『元電通マンの教師が教える 凡人でもエリートに勝てる人生の戦い方。』要約まとめ

元電通マンの教師が教える 凡人でもエリートに勝てる人生の戦い方。

メディアで取り上げられるスポーツ選手やビジネスパーソンを見て、「凡人がどんなに努力をしたところでかなわない」と落胆したことはないだろうか。しかし、元電通マンにして静岡聖光学院ラグビー部の監督を務める著者は、“凡人”を強みにした戦い方があると提唱する。それは、エリートとは違う独自の道を見つけ、一点突破で自分を伸ばしていこうとする考え方だ。

広告代理店業界の最大手である電通の元社員というと、いかにも仕事ができそうなエリートを想起しがちだが、著者は極度の人見知りで、勉強も運動も平凡な“凡人”を自認する。電通時代は高学歴やタレントなみに個性的な同期に囲まれ、凡人であってもエリートに勝てる方法をずっと試行錯誤してきたという。そんな著者が見つけた術が、「自分をプロデュースする技術」だ。

電通退職後、著者が監督を務めることになった静岡聖光学院ラグビー部は、全国レベルの素質やスキルを持った選手が一人もいないとされる弱小チーム。しかも練習時間は一回60分で週3日に限定された環境だ。とても強豪校に勝てるレベルではなかったが、著者は「自分をプロデュースする技術」を選手たちに教え、2年連続で花園出場へと導いた。電通時代と高校ラグビーのエピソードを交互に交えながら、“凡人の発想術”を伝えていくのが本書の構成である。

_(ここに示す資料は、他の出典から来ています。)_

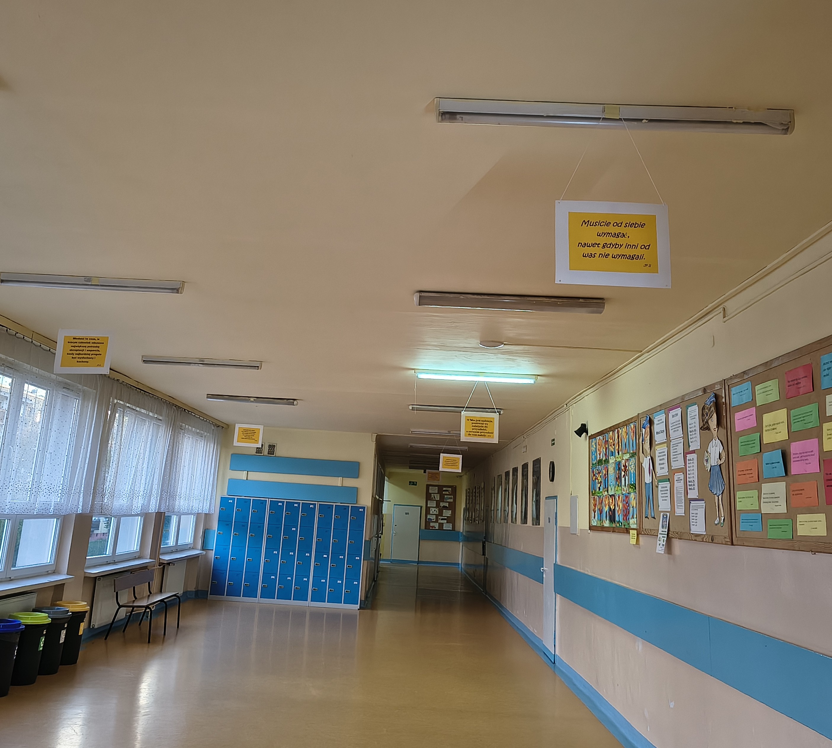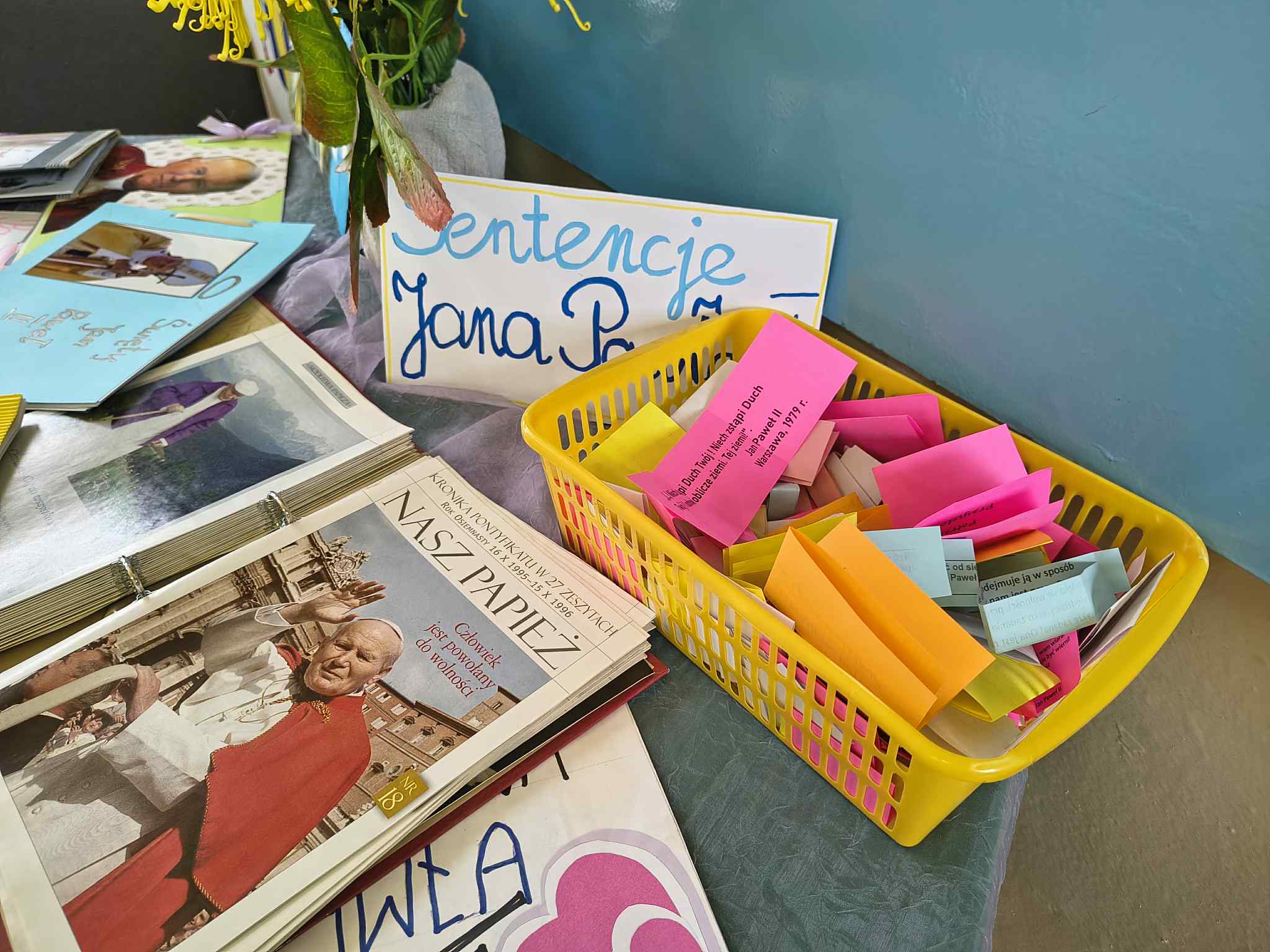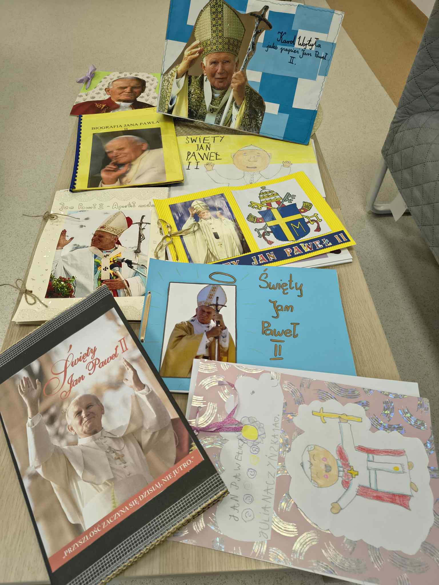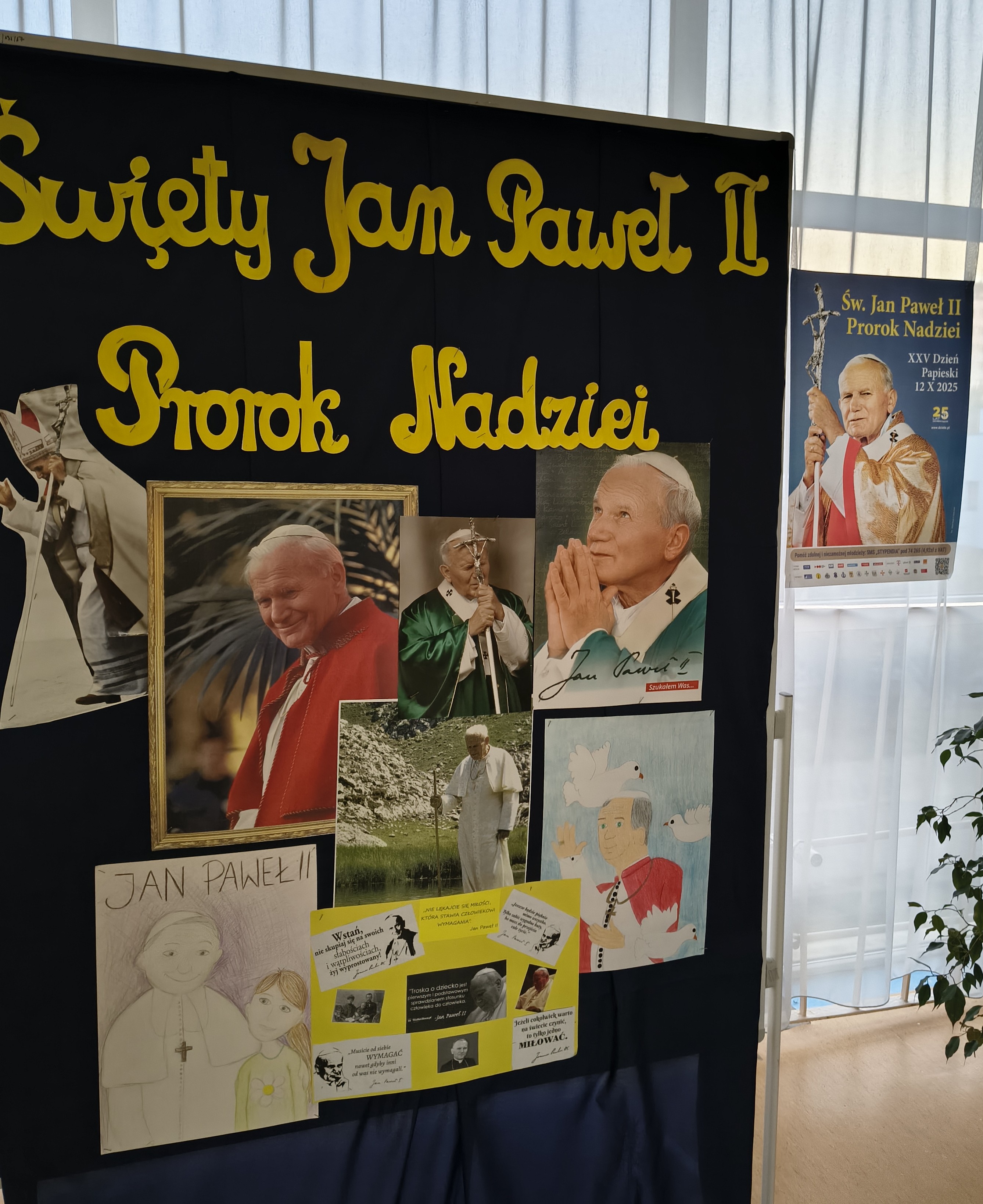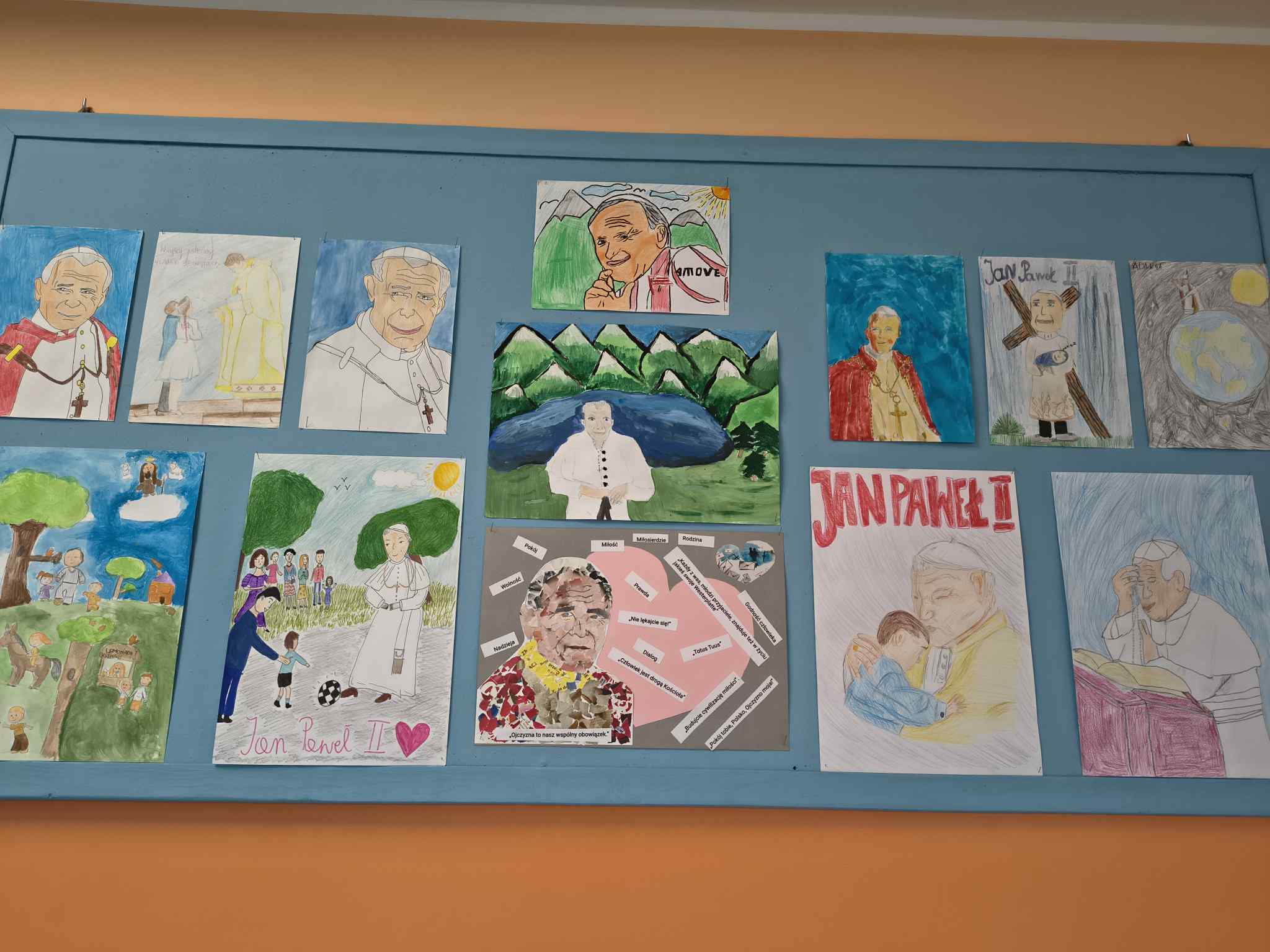 W szkole również pamiętaliśmy o tym wielkim Polaku. Tegorocznym hasłem Dni papieskich było: Jan Paweł II - Prorok nadziei. Panie: E. Rutkowska i P. A. Grodzicka przygotowały wystawę na pierwszym piętrze dotyczącą Jana Pawła II. Uczniowie mogli zapoznać się z Jego życiem i działalnością poprzez różnego rodzaju albumy oraz wywieszone sentencje, które mogą stać się mottem życia niejednego z nas. Dodatkową atrakcją proponowaną chętnym uczniom z naszej szkoły były konkursy. P. E. Szargut przygotowała konkurs plastyczny dla klas 1-8, P. Rutkowska konkurs na album o Janie Pawle II, P. Masłowska konkurs wiedzy w formie sztafety dla klas 3-4 oraz 5-6. Każdy mógł sprawdzić swoje umiejętności w wybranej dziedzinie. Pamięć o tak Wielkim, Świętym Rodaku zapewne jest i będzie dla wielu ludzi powodem do dumy i motywacji do tego, aby w życiu dążyć do wielkich rzeczy.

この発想の原点となったのが、著者の大学時代の経験だ。身体が大きいことが圧倒的なアドバンテージとなるのがラグビーというスポーツ。小柄な著者はとても大学ラグビー部のスタメンに入れそうもなかったが、最前線のフォワードのパフォーマンスを上げる選手という新たなスクラムハーフ像を目指し、見事レギュラーの座を獲得。電通時代も同様の考え方で、既存の“電通マン像”から外れ、組織の中で「空席」の立ち位置を探した。まずはエリートと違う道を歩むことが、エリートと互角に渡り合うために必要になるのだ。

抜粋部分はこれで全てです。